• _DATA_:
####################

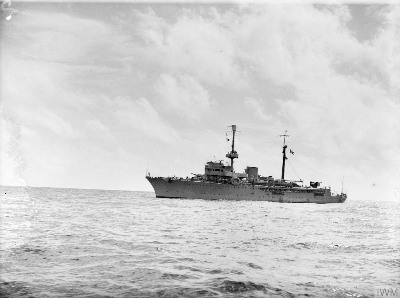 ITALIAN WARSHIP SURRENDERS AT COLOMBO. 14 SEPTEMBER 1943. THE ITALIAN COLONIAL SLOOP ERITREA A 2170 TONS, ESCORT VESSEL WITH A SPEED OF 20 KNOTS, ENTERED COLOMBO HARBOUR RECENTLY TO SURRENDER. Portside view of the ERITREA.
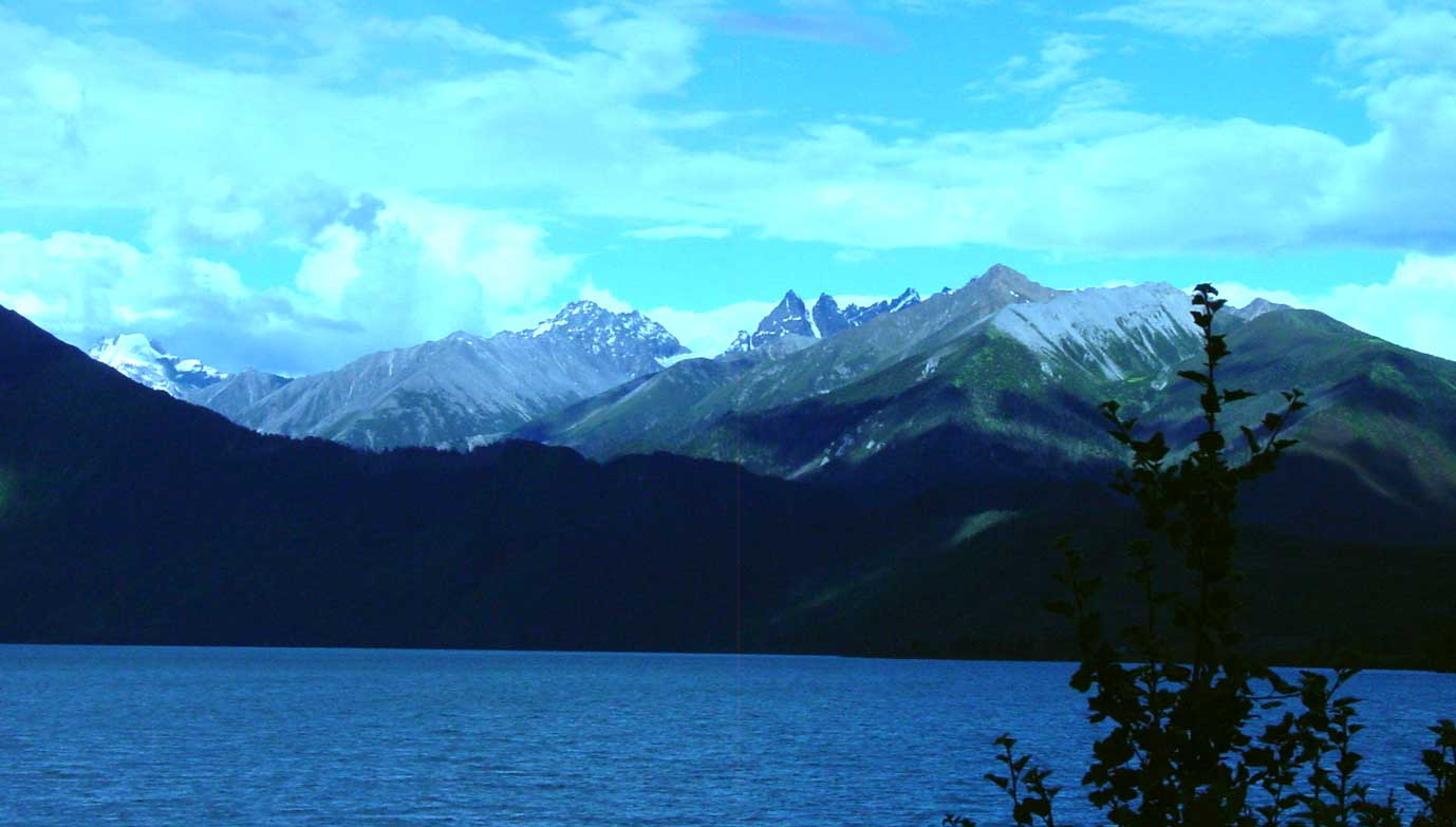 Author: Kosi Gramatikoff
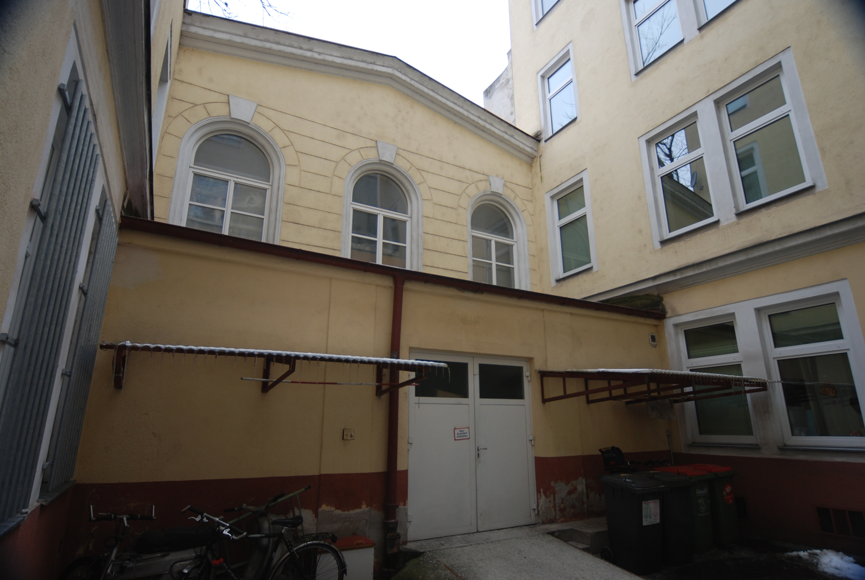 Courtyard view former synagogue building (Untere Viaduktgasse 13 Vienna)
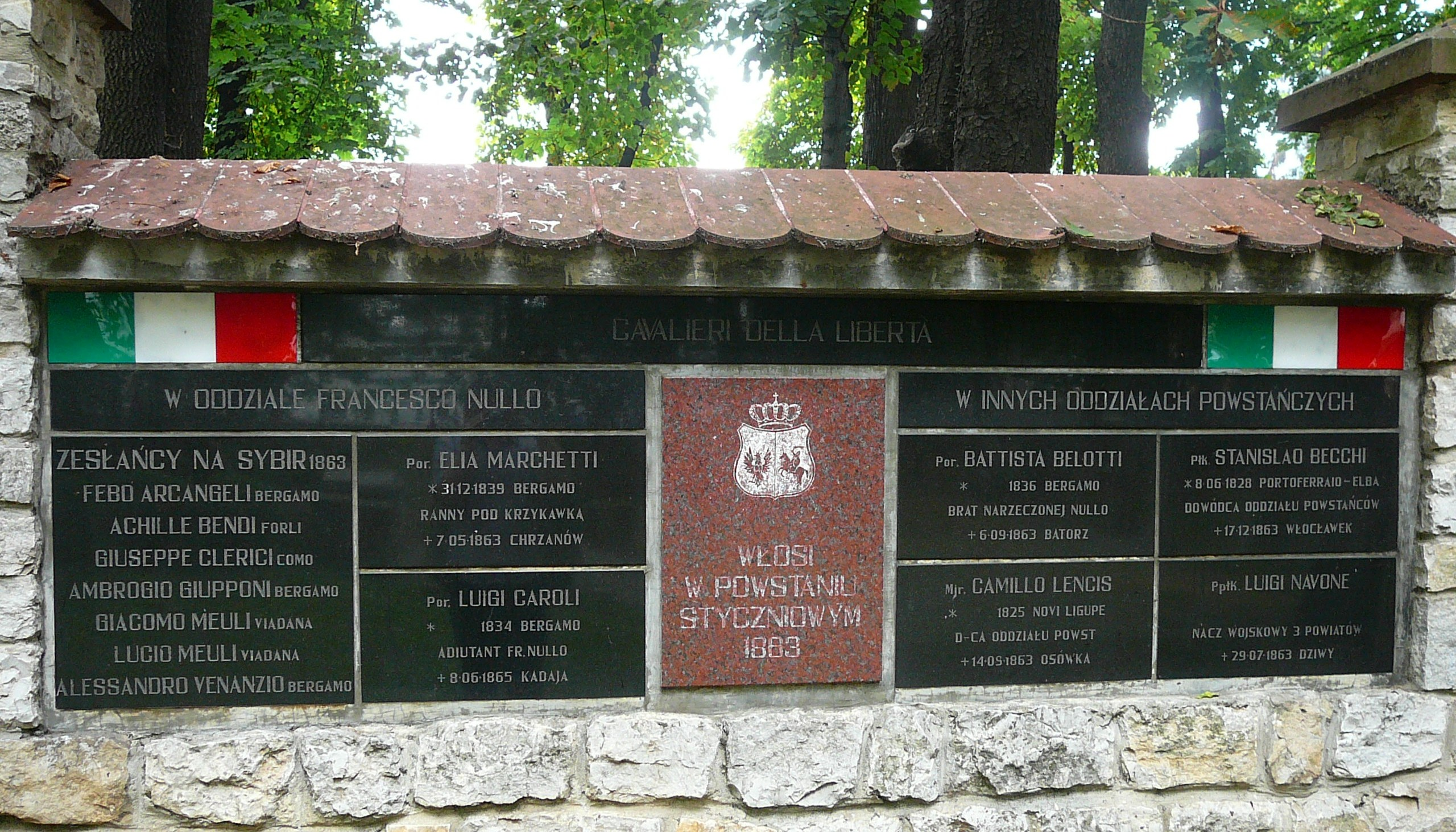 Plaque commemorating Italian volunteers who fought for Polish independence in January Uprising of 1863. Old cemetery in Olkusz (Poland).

####################

• _ACTIVITY_: Lines from the one containing "Author: Kosi Gramatikoff" through the end of the material above must be reproduced exactly; pictures must not be.

• _RESULT FOR THIS EXERCISE_:
 Author: Kosi Gramatikoff
 Courtyard view former synagogue building (Untere Viaduktgasse 13 Vienna)
 Plaque commemorating Italian volunteers who fought for Polish independence in January Uprising of 1863. Old cemetery in Olkusz (Poland).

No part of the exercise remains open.